The two-wheel system design is widely used in various mobile tools, such as remote-control vehicles and robots, due to its simplicity and stability. However, the specific wheel and body models in the real world can be complex, and the control accuracy of existing algorithms may not meet practical requirements. To address this issue, we propose a double inverted pendulum on mobile device (DIPM) model to improve control performances and reduce calculations. The model is based on the kinetic and potential energy of the DIPM system, known as the Euler-Lagrange equation, and is composed of three second-order nonlinear differential equations derived by specifying Lagrange. We also propose a stable feedback control method for mobile device drive systems. Our experiments compare several mainstream reinforcement learning (RL) methods, including linear quadratic regulator (LQR) and iterative linear quadratic regulator (ILQR), as well as Q-learning, SARSA, DQN (Deep Q Network), and AC. The simulation results demonstrate that the DQN and AC methods are superior to ILQR in our designed nonlinear system.

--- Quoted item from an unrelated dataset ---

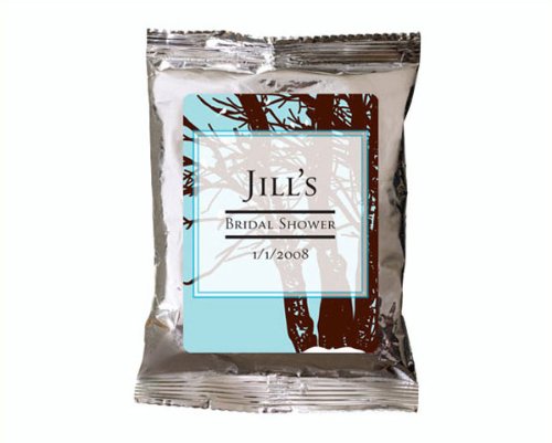 This frothy, iced cappuccino drink is sure to be a rich and refreshing guest pleaser. The single serving pouches are sealed in elegant silver pouches which can be personalized with your names and event date along with your choice of one of our premium designs from our extensive design library. You are sure to find a design that perfectly complements your event theme and style. Package Contents: single serving 1 oz package of cappuccino powder Package Size: 4 wide x 6.5 tall Instructions: Just add milk or water and pour over ice. Note: Tag or Sticker does not come attached to item. ... This unique & elegant item is part of our exclusive Wedding Favor and Bridal - Baby Shower collection. They make for a great and unique gift for your wedding reception, bridal shower, bay shower or any other special event.

In all aspects of the test, the performance of Q-learning and SARSA is comparable to that of ILQR, with some slight improvements. However, ILQR shows its advantages at 10 deg and 20 deg. In the small deflection (between 5 and 10 deg), the DQN and AC methods perform 2% better than the traditional ILQR, and in the large deflection (10–30 deg), the DQN and AC methods perform 15% better than the traditional ILQR. Overall, RL not only has the advantages of strong versatility, wide application range, and parameter customization but also greatly reduces the difficulty of control system design and human investment, making it a promising field for future research.
基于强化学习的两轮系统稳定反馈控制新优化设计
两轮系统设计由于其简单和稳定,被广泛应用于各种移动工具,如遥控车辆和机器人。然而,现实世界中具体的车轮和车身模型可能很复杂,现有算法的控制精度可能无法满足实际要求。为了解决这个问题,我们提出了一个移动设备上的双倒立摆(DIPM)模型,以提高控制性能并减少计算量。该模型基于DIPM系统的动能和势能,称为欧拉-拉格朗日方程,由三个指定拉格朗日导出的二阶非线性微分方程组成。针对移动设备驱动系统,提出了一种稳定的反馈控制方法。我们的实验比较了几种主流的强化学习(RL)方法,包括线性二次调节器(LQR)和迭代线性二次调节器(ILQR),以及Q-learning、SARSA、DQN (Deep Q Network)和AC。仿真结果表明,在我们设计的非线性系统中,DQN和AC方法优于ILQR。在测试的各个方面,Q-learning和SARSA的性能与ILQR相当,并有轻微的改进。然而,在10°和20°时,ILQR显示出其优势。在小挠度(5 ~ 10°)时,DQN和AC方法比传统ILQR性能提高2%,在大挠度(10 ~ 30°)时,DQN和AC方法比传统ILQR性能提高15%。总体而言,强化学习不仅具有通用性强、适用范围广、参数可定制等优点,而且大大降低了控制系统的设计难度和人力投入,是未来研究的一个很有前景的领域。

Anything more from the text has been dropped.